I thought, “Maybe it’s not so easy to understand if you have this formal aspect of speech and spoken words and then some music.” So I thought, “I’ll take the more essential parts of the compositions, and make four longer pieces, and have it separate as music that stands for itself without words. So I took the basic parts, the most interesting – and this also, again, shows minimalism, the first one. It’s called ‘Two Keyboards’ – it’s really played on two keyboards with delays, there’s no sequencer. ‘Four Voices’ is composed in kind by sequence, a combination of both. ‘Four Guitars’ starts with sampled guitars, which for me at first, I’d never used before. We had a sample of a guitar, and were playing with it. And then ‘Twelve Samples’ is only playing with sampled sounds, without any synthesised sound, only sampled sound.

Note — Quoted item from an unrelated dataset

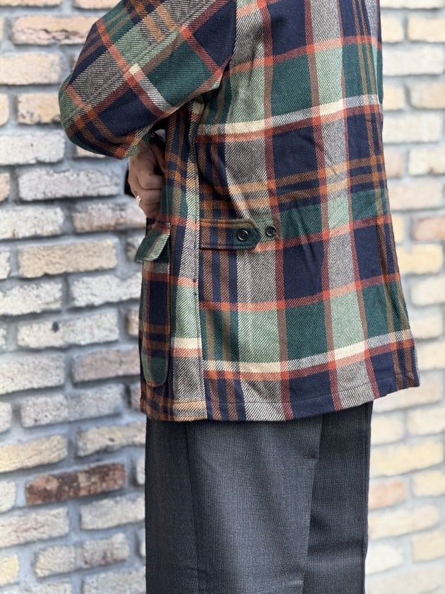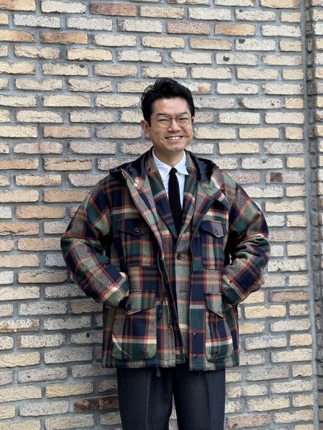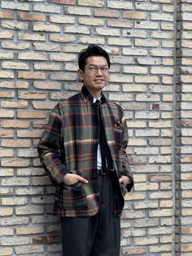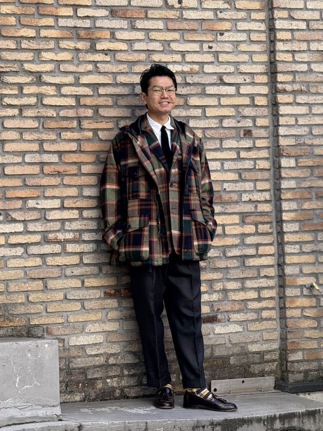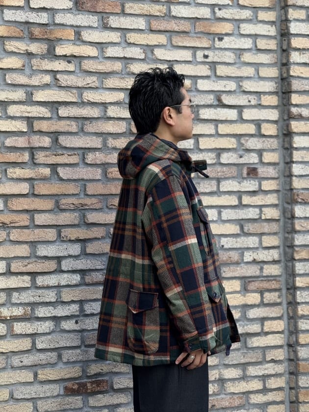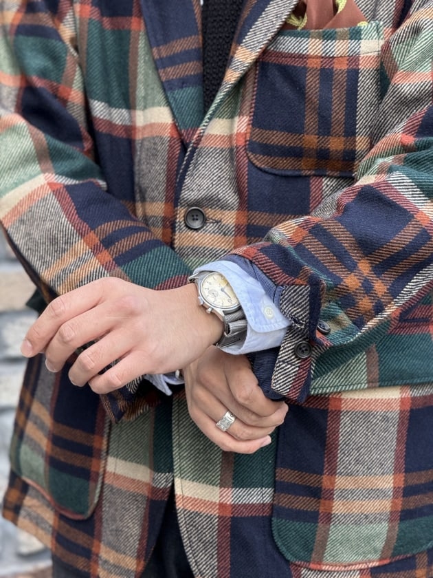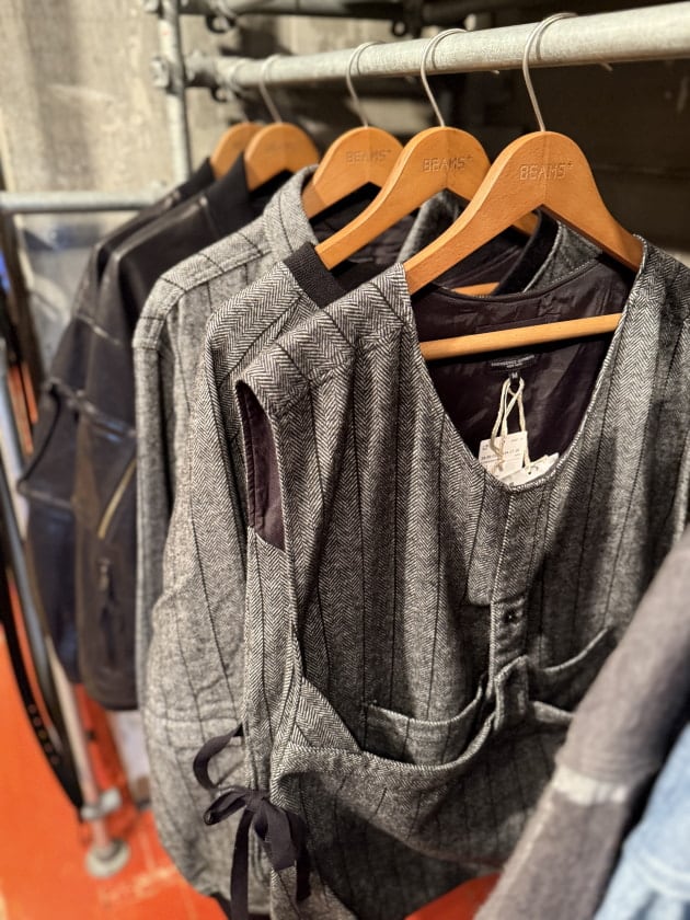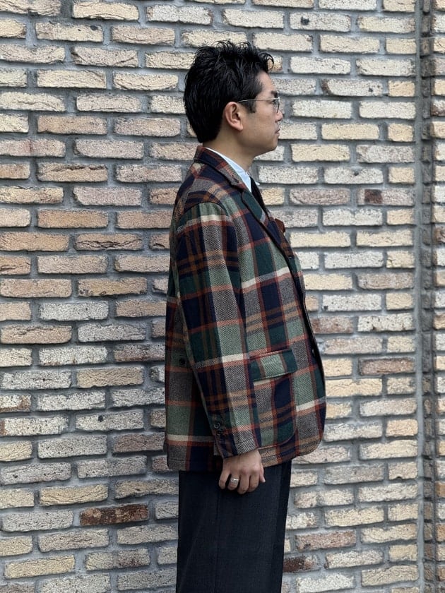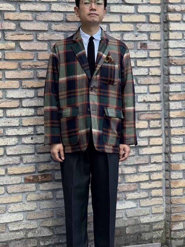 今回ご紹介いたしますのは、ENGINEERED GARMENTS(※以下 EG)でございます。2025秋冬シーズンの新作が多数 ビームス プラス 原宿 に入荷いたしました。中でも、今シーズンのEGの一つのトピックであるネイビー×オレンジの配色が目を引くチェックの生地は、密度の高いヘビーウールを使用しております。着心地は柔らかく、風合いの良さも抜群です。

So I tried to bring in some steps of development in music like sampling and computer programming, This was ’88, so it was still with Atari and MIDI things, and technology which was very static. I always found it a bit boring, because, as I said before, I’m a live musician, and everything has to be more or less live. In the ’80s, the problem was that you had interesting facilities with MIDI and computers , but you could not use it live – you could not play it live with it. You could use it in a studio and type in your notes and everything was fine, but then you want to change something and you have to stop and you listen again. Very soon you lose any feeling for the music because it gets too mathematical. That’s the great advantage of today’s programs – you can just play and try and it doesn’t stop and it works and the programs are stable! [laughs] So it’s still fun in a way. The biggest problem for composing music is that you have a structure – what you have in films, in a dramaturgy, in a way. You have a start, and then it goes up, and something happens and then it goes down, and the same has to happen in music, and this is very difficult if you always stop and write something. [Now] when you play, you have a feeling for the timing, and you say “boom-boom-boom – now something has to come, something has to change.” Otherwise it gets boring… It don’t matter if it’s dance music or if it’s classical or if it’s jazz, or whatever – it has to attract a listener, so that he listens to it and follows your ideas.